_WORK INSTRUCTIONS_: Restate word for word the lines below from the one that has "Health City, Arilova" through the one that has "anlatım kısmında Fatih", keeping both and dropping all pictures.
#### INFORMATION PROVIDED ####
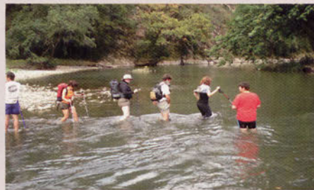
■ Travesía de la Red Cométe

Se está trabajando en las redes de senderos de los parques naturales de Gipuzkoa, estando próxima la finalización del de Aiako Harria, y muy avanzado el del parque natural de Pagoeta. Hay que dejar constancia de que todos estos trabajos son posibles gracias a la estrecha colaboración de la GMF con el Departamento de Desarrollo Rural de la Diputación Foral.
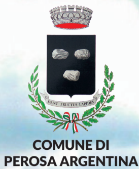
COMUNE DI PEROSA ARGENTINA
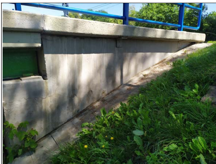
Pohled na pravé křídlo opěry 2
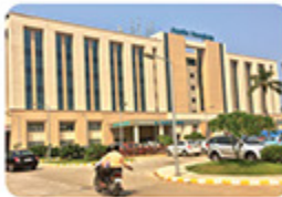
Health City, Arilova
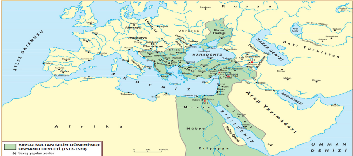
Şekil 13. Harita 5.4: 1520'de Osmanlı Sınırları

anlatım kısmında Fatih Sultan Mehmet'in İstanbul'u Fethi için yapmış olduğu hazırlıklardan söz edilmekte ve Rumeli Hisarı'nı (Boğazkesen) yaptırdığı anlatılmaktadır. II.Mehmet'in hem Bizans'a Karadeniz'den gelebilecek yardımları engellemek hem de Türk askerlerinin Rumeli'ye geçişini kolaylaştırmak istediği ifade edilmekte ve öğrenciler ilgili haritaya yönlendirilmektedir. Fakat ilgili haritada Rumeli Hisarı gösterilmemiştir. İlgili planda lejant ve ölçek kullanılmış, yön işareti ise kullanılmamıştır.
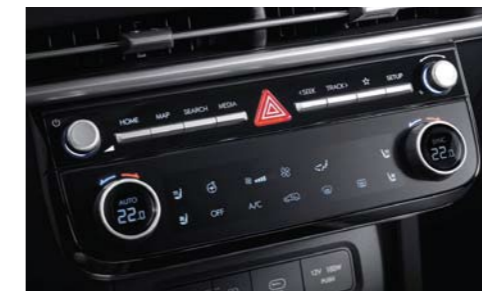
Sistema de aire acondicionado totalmente automático
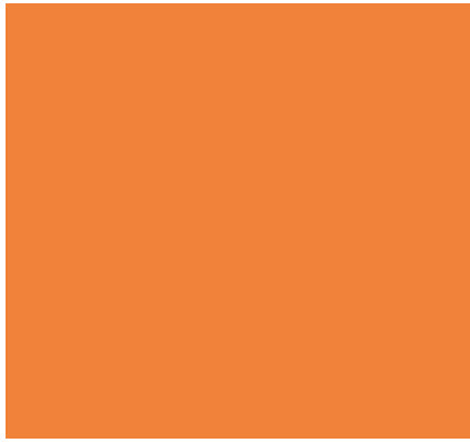
RAL 2003, Pastellorange
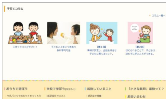
“てらこあん” トップページで紹介
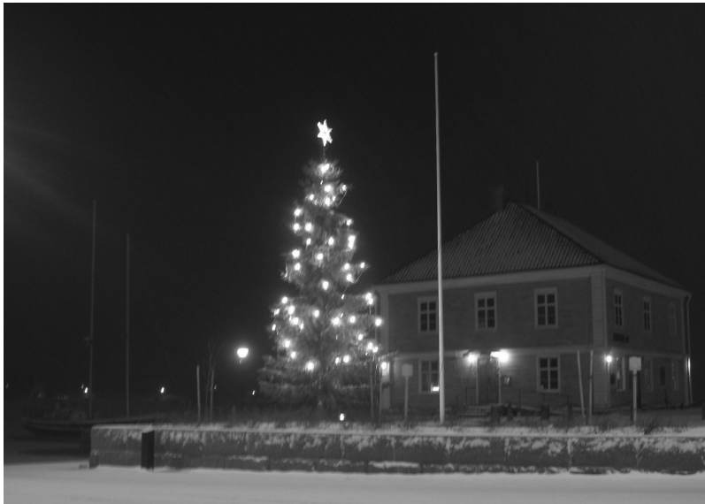
KUVIO 17. Raahen museo joulukuussa 2009

tuoduista tavaroista. Myöhemmin alettiin kerätä kaupunkiin liittyvää esineistöä. (Pussila 2009, 12.)
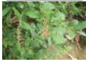
ハナヒリノキ 嚏の木
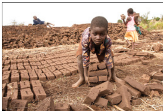
في مصنع اجدار بمالوف
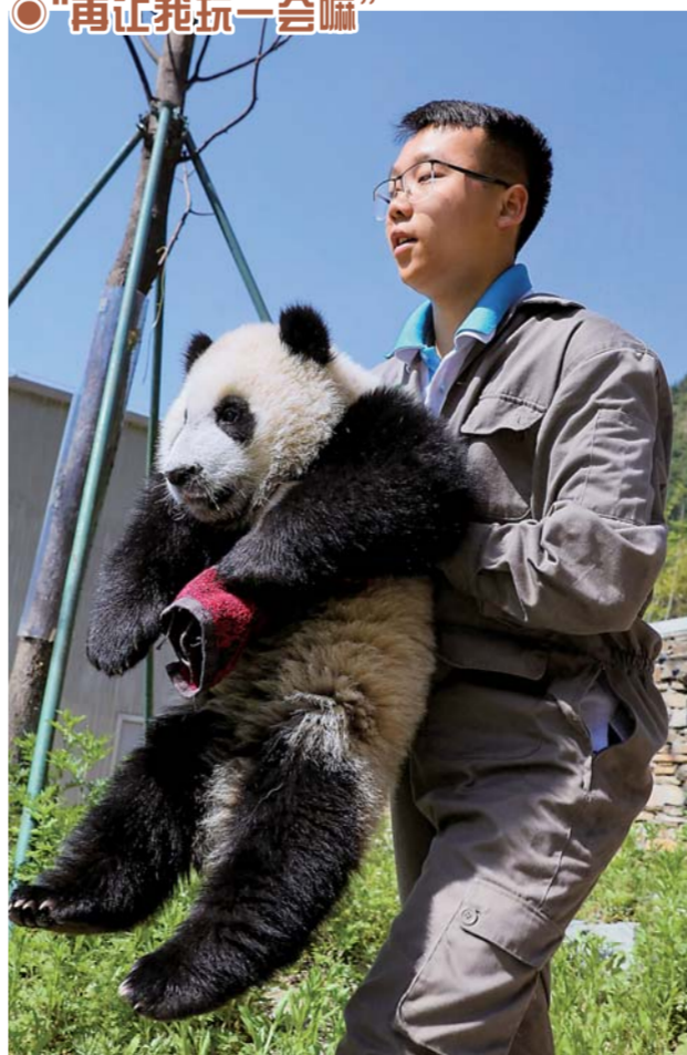
▲5月16日,在中国大熊猫保护研究中心神树坪基地,一位饲养员抱着熊猫宝宝。
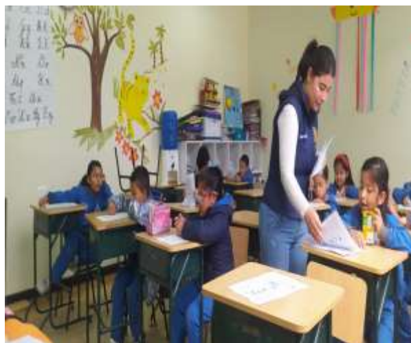
Aplicación de taller.
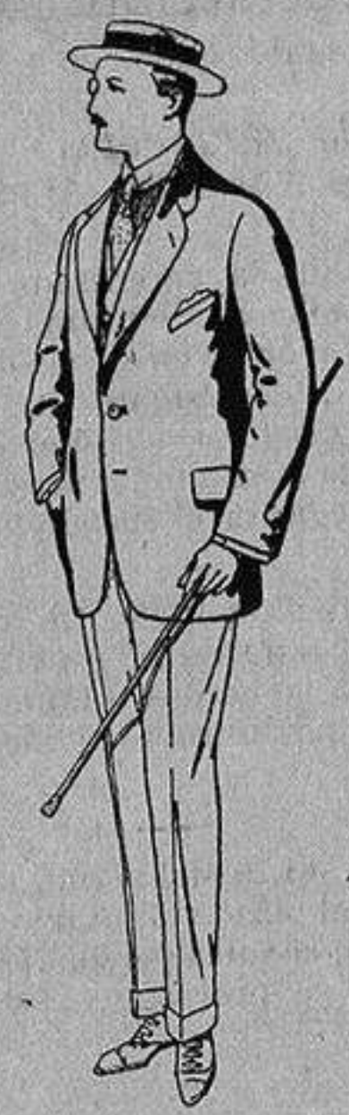
Trajes de alpaca uoera De Ptas. 32 a 56
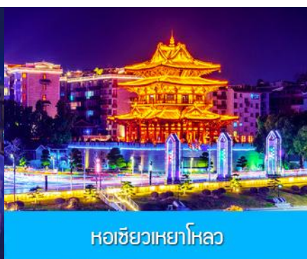
หอชิวเหยาโหลว
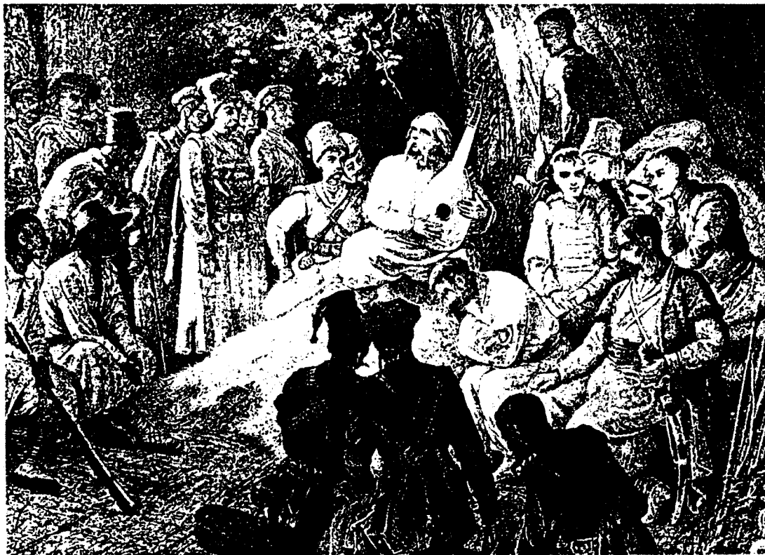
H Aidamaks & Cossacks Listen to a Kobzar — by A. Slastion
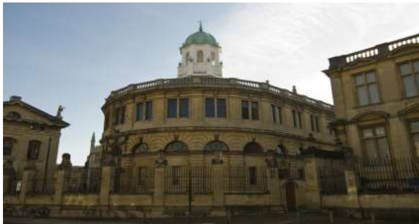
Chelonian Theatre, Oxford
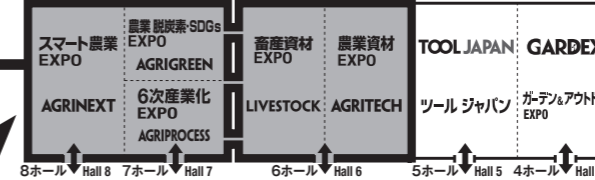
全体レイアウト図 Floor Plan

■ 会期：2023年10月11日[水]～13日[金] Dates : October 11 [Wed] – 13 [Fri], 2023 ■ 会場：幕張メッセ Venue : Makuhari Messe ■ 主催：RX Japan 株式会社 Organizer : RX Japan Ltd.
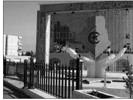
شكل مطلب كبير الفئة تضرابا في التصاريح بين واسعة من المواطنين، عرف مختلف الهيئات المعنية

بهذا الملف، أكد رؤساء البلديات على أن «الوكالة العقارية بخنشلة هي السبب في تأخر مشروع التجزئات العقارية بعد اتباعها مركزية العملية بدون إشراك المنتخبين المحليين». وطالبوا السيد والي الولاية بالتدخل العاجل لوضع حد لهذه التماطلات، وإعطاء تعليمات صارمة للوكالة العقارية من أجل تسريع عملية تجسيد مختلف التحصيلات الاجتماعية المقترحة عبر بلديات ولاية خنشلة.
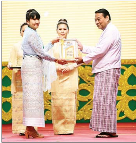
ပြည်သူ့လွှတ်တော်ဥက္ကဋ္ဌ ဦးခင်ရီ ထူးချွန်အဆင့်(၃) MSME လုပ်ငန်းရှင်တစ်ဦးအား ဂုဏ်ပြုတံဆိပ် ချီးမြှင့်ပေးအပ်စဉ်။

တက်ရောက်လာကြသူများသည် ကမ္ဘာ့အသေးစား၊ အငယ်စားနှင့် အလတ်စား စီးပွားရေးလုပ်ငန်းများနေ့အခမ်းအနား အထိမ်းအမှတ်အဖြစ် ဗဟိုကော်မတီနှင့်လုပ်ငန်းကော်မတီ ပြခန်းများ၊ ဗဟိုကော်မတီအဖွဲ့ဝင် ဝန်ကြီးဌာနပြခန်းများ၊ တိုင်းဒေသကြီးနှင့် ပြည်နယ် MSME ထုတ်ကုန်ပြခန်းများ၊ အသေးစားစက်မှုလက်မှုလုပ်ငန်းပြခန်းများ၊ အသင်းအဖွဲ့များအလိုက် ပြခန်းများ စုစုပေါင်းပြခန်းပေါင်း ၁၄၉ ခန်းတွင် ခင်းကျင်းပြသထားသည့် ဒေသထွက် စားသောက်ကုန်ပစ္စည်းများနှင့် အသေးစား၊ အငယ်စား၊ အလတ်စားနှင့် စီးပွားရေးလုပ်ငန်းများ ဖွံ့ဖြိုးတိုးတက်ရေးဝန်ကြီးဌာန ပြည်ထောင်စုဝန်ကြီး ဒေါက်တာချာလီသန်းက ကမ္ဘာ့အသေးစား၊ အငယ်စားနှင့် အလတ်စား စီးပွားရေးလုပ်ငန်းများနေ့ အထိမ်းအမှတ်လက်ဆောင်အား နေရာအရောက် ပေးအပ်သည်။ ထို့နောက် နိုင်ငံတော်သမ္မတသည် အခမ်းအနားတက်ရောက်လာကြသူများနှင့် စုပေါင်းမှတ်တမ်းတင်ဓာတ်ပုံရိုက်ကြသည်။ အခမ်းအနားအပြီးတွင် နိုင်ငံတော်သမ္မတနှင့် အခမ်းအနား
####
_OUTPUT_:
Health City, Arilova
Şekil 13. Harita 5.4: 1520'de Osmanlı Sınırları

anlatım kısmında Fatih Sultan Mehmet'in İstanbul'u Fethi için yapmış olduğu hazırlıklardan söz edilmekte ve Rumeli Hisarı'nı (Boğazkesen) yaptırdığı anlatılmaktadır. II.Mehmet'in hem Bizans'a Karadeniz'den gelebilecek yardımları engellemek hem de Türk askerlerinin Rumeli'ye geçişini kolaylaştırmak istediği ifade edilmekte ve öğrenciler ilgili haritaya yönlendirilmektedir. Fakat ilgili haritada Rumeli Hisarı gösterilmemiştir. İlgili planda lejant ve ölçek kullanılmış, yön işareti ise kullanılmamıştır.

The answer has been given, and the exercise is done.